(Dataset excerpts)
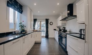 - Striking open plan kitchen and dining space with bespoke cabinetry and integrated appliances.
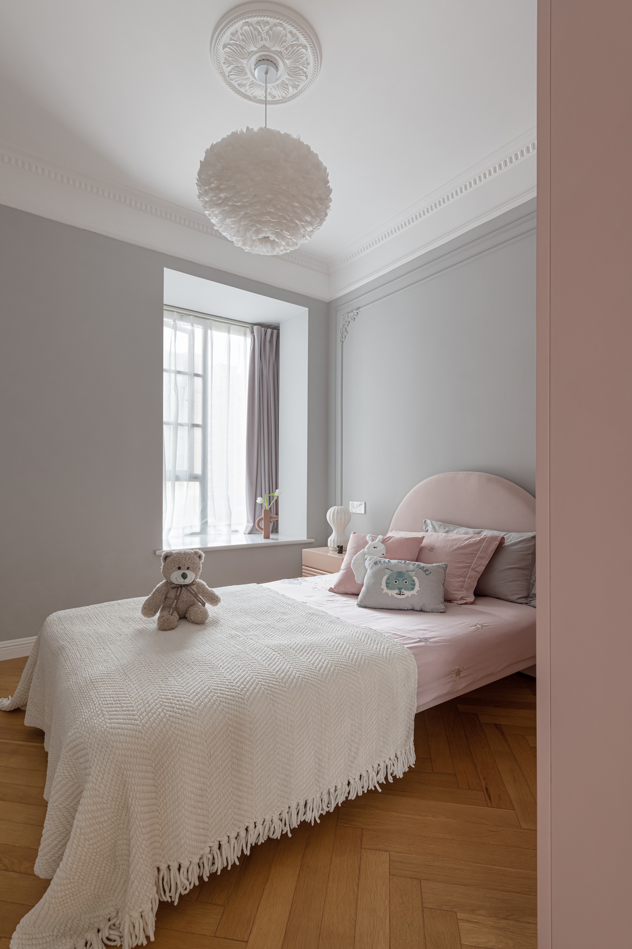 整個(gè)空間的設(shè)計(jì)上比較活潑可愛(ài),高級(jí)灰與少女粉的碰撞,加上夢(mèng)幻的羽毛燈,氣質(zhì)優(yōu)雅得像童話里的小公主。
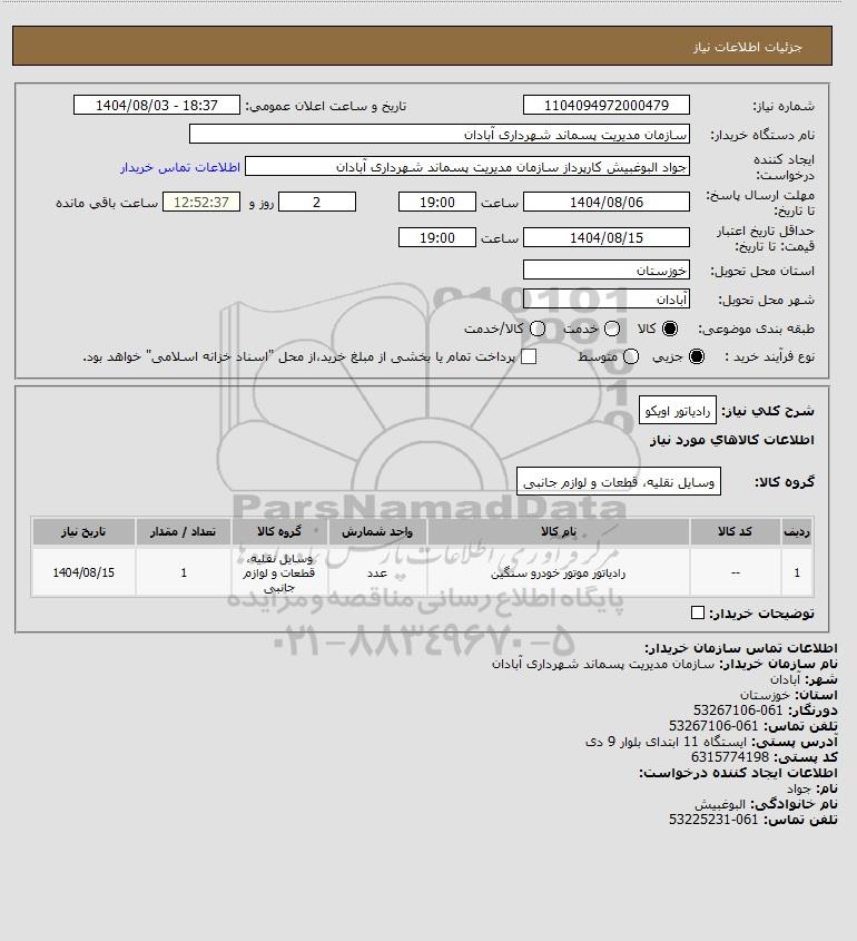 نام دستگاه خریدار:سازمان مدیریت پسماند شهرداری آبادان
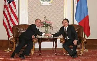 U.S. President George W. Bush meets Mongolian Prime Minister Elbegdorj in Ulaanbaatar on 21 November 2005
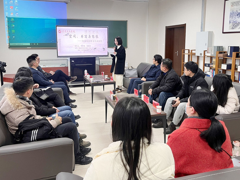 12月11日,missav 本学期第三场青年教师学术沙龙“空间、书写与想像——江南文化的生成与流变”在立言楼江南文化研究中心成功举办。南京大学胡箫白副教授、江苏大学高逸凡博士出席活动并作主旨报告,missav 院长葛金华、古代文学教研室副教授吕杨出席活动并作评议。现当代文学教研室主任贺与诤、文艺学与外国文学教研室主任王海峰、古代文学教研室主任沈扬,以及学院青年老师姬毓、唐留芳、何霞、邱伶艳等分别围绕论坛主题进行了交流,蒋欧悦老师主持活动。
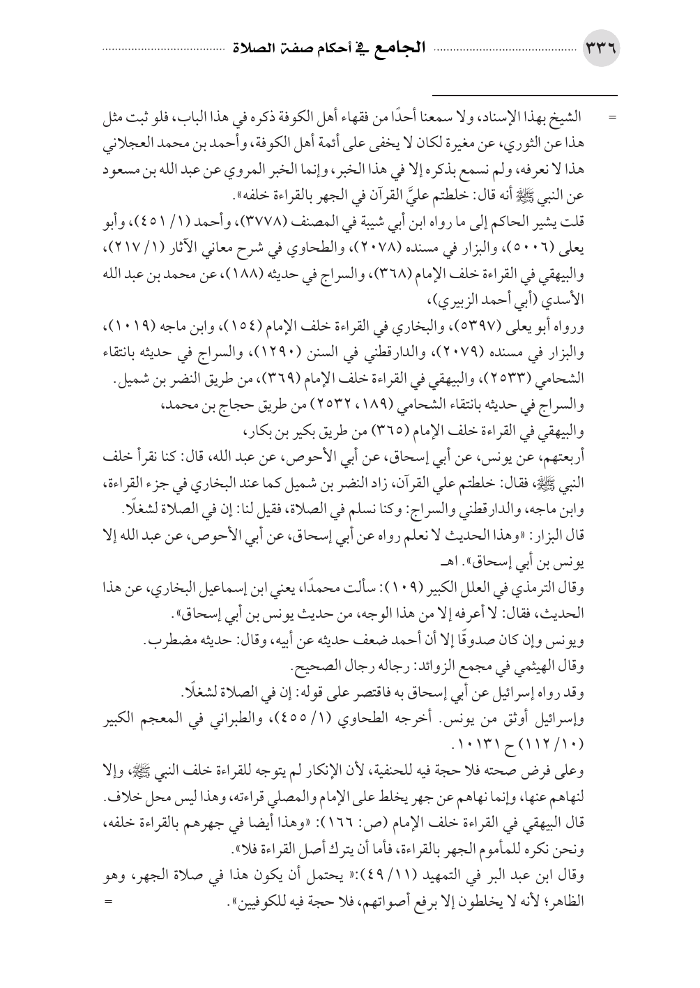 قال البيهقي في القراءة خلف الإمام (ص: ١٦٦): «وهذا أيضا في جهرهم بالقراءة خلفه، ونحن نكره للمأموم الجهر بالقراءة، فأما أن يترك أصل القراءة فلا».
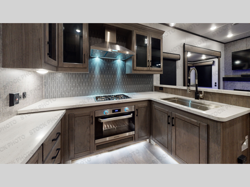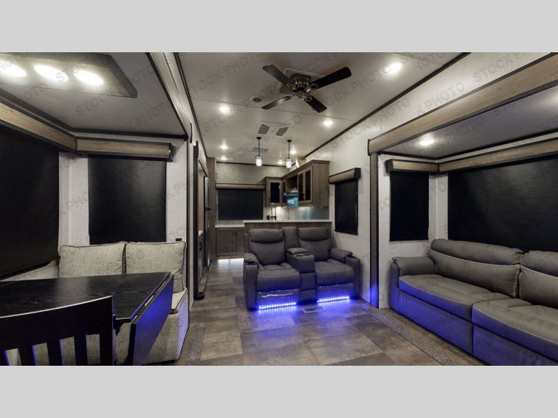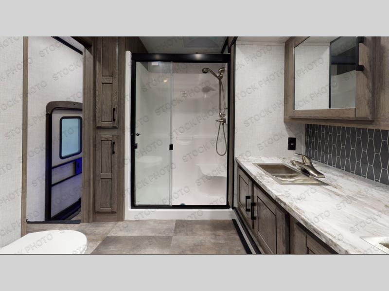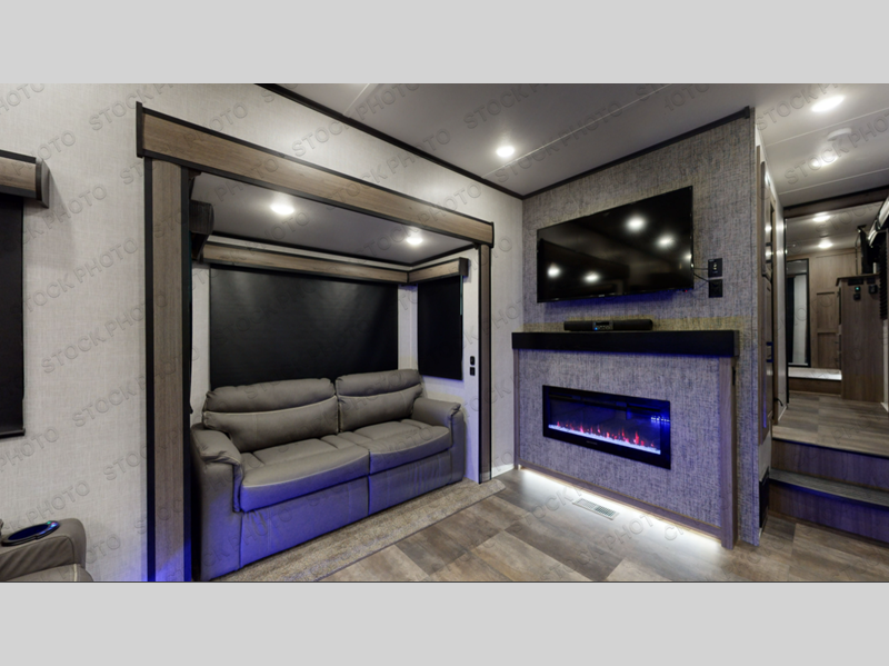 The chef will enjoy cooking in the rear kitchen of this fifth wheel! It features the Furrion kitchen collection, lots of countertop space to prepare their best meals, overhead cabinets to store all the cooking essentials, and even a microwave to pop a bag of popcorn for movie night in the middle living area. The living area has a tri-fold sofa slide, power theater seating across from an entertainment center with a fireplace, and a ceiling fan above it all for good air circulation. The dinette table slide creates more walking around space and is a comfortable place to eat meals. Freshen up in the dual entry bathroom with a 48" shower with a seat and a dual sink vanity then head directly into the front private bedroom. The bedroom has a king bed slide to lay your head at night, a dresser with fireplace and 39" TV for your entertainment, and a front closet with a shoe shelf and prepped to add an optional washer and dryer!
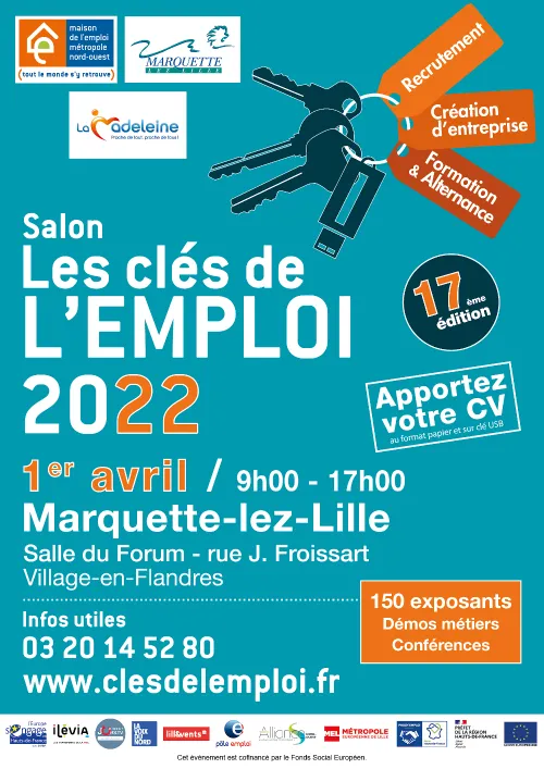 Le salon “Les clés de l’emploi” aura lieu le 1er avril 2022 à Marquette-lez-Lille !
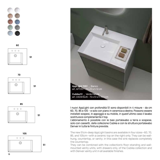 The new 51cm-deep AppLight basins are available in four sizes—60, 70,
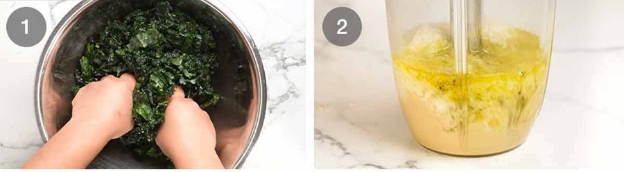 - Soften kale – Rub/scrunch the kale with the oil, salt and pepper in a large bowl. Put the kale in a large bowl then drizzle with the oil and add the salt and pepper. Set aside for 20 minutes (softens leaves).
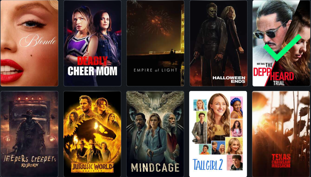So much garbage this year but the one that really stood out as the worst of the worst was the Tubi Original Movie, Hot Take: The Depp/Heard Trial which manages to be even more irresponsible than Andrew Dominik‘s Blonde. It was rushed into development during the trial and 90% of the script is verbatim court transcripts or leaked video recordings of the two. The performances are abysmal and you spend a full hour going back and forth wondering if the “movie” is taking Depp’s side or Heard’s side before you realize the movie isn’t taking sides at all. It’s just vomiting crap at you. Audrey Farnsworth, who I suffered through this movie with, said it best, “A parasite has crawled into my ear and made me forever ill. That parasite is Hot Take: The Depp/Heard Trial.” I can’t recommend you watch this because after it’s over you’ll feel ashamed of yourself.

§ **Assigned task**:
The copy must match each record exactly, apart from the images, which stay out.

§ **Response**:
 - Striking open plan kitchen and dining space with bespoke cabinetry and integrated appliances.
 整個(gè)空間的設(shè)計(jì)上比較活潑可愛(ài),高級(jí)灰與少女粉的碰撞,加上夢(mèng)幻的羽毛燈,氣質(zhì)優(yōu)雅得像童話里的小公主。
 نام دستگاه خریدار:سازمان مدیریت پسماند شهرداری آبادان
 U.S. President George W. Bush meets Mongolian Prime Minister Elbegdorj in Ulaanbaatar on 21 November 2005
 12月11日,missav 本学期第三场青年教师学术沙龙“空间、书写与想像——江南文化的生成与流变”在立言楼江南文化研究中心成功举办。南京大学胡箫白副教授、江苏大学高逸凡博士出席活动并作主旨报告,missav 院长葛金华、古代文学教研室副教授吕杨出席活动并作评议。现当代文学教研室主任贺与诤、文艺学与外国文学教研室主任王海峰、古代文学教研室主任沈扬,以及学院青年老师姬毓、唐留芳、何霞、邱伶艳等分别围绕论坛主题进行了交流,蒋欧悦老师主持活动。
 قال البيهقي في القراءة خلف الإمام (ص: ١٦٦): «وهذا أيضا في جهرهم بالقراءة خلفه، ونحن نكره للمأموم الجهر بالقراءة، فأما أن يترك أصل القراءة فلا».
 The chef will enjoy cooking in the rear kitchen of this fifth wheel! It features the Furrion kitchen collection, lots of countertop space to prepare their best meals, overhead cabinets to store all the cooking essentials, and even a microwave to pop a bag of popcorn for movie night in the middle living area. The living area has a tri-fold sofa slide, power theater seating across from an entertainment center with a fireplace, and a ceiling fan above it all for good air circulation. The dinette table slide creates more walking around space and is a comfortable place to eat meals. Freshen up in the dual entry bathroom with a 48" shower with a seat and a dual sink vanity then head directly into the front private bedroom. The bedroom has a king bed slide to lay your head at night, a dresser with fireplace and 39" TV for your entertainment, and a front closet with a shoe shelf and prepped to add an optional washer and dryer!
 Le salon “Les clés de l’emploi” aura lieu le 1er avril 2022 à Marquette-lez-Lille !
 The new 51cm-deep AppLight basins are available in four sizes—60, 70,
 - Soften kale – Rub/scrunch the kale with the oil, salt and pepper in a large bowl. Put the kale in a large bowl then drizzle with the oil and add the salt and pepper. Set aside for 20 minutes (softens leaves).
So much garbage this year but the one that really stood out as the worst of the worst was the Tubi Original Movie, Hot Take: The Depp/Heard Trial which manages to be even more irresponsible than Andrew Dominik‘s Blonde. It was rushed into development during the trial and 90% of the script is verbatim court transcripts or leaked video recordings of the two. The performances are abysmal and you spend a full hour going back and forth wondering if the “movie” is taking Depp’s side or Heard’s side before you realize the movie isn’t taking sides at all. It’s just vomiting crap at you. Audrey Farnsworth, who I suffered through this movie with, said it best, “A parasite has crawled into my ear and made me forever ill. That parasite is Hot Take: The Depp/Heard Trial.” I can’t recommend you watch this because after it’s over you’ll feel ashamed of yourself.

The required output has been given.